(INSTRUCTIONS FOR THE TASK): Transcribe the listing below exactly, from its first line through the line with "まずは、地金の強度が耐えうる箇所に貫通穴を作ります。". Omit the pictures.

═════ DATASET SECTION ═════

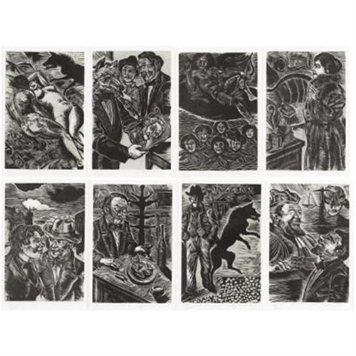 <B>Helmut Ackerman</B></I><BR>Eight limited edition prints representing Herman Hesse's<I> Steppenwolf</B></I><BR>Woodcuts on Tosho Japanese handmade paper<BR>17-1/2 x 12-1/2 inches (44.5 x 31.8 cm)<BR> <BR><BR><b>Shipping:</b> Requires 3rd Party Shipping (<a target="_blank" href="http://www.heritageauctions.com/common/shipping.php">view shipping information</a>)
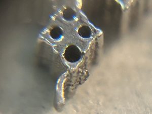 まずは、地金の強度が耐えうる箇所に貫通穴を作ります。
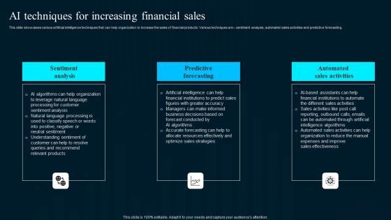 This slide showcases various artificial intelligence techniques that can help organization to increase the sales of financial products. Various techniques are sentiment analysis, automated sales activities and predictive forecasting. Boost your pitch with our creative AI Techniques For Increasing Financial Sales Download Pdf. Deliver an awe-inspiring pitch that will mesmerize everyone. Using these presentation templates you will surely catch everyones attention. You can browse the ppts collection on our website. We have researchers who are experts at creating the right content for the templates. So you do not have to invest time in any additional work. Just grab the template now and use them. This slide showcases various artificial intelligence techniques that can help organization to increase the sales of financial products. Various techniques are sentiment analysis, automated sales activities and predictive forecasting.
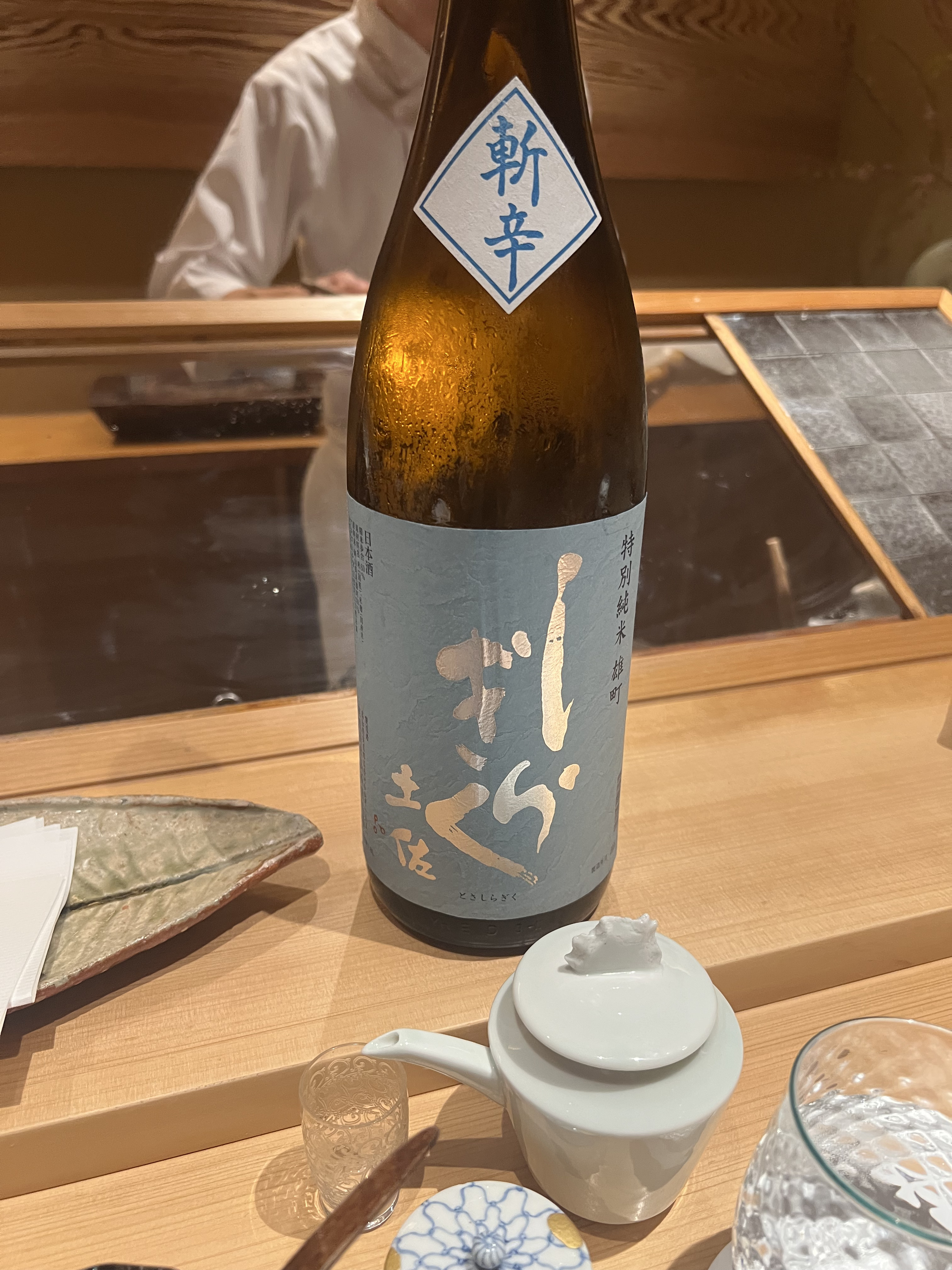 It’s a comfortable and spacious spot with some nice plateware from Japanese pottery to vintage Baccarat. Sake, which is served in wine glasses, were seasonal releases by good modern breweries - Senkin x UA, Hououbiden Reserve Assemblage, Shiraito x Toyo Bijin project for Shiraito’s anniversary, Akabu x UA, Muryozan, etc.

═════

(ANSWER FOR THIS EXERCISE):
 <B>Helmut Ackerman</B></I><BR>Eight limited edition prints representing Herman Hesse's<I> Steppenwolf</B></I><BR>Woodcuts on Tosho Japanese handmade paper<BR>17-1/2 x 12-1/2 inches (44.5 x 31.8 cm)<BR> <BR><BR><b>Shipping:</b> Requires 3rd Party Shipping (<a target="_blank" href="http://www.heritageauctions.com/common/shipping.php">view shipping information</a>)
 まずは、地金の強度が耐えうる箇所に貫通穴を作ります。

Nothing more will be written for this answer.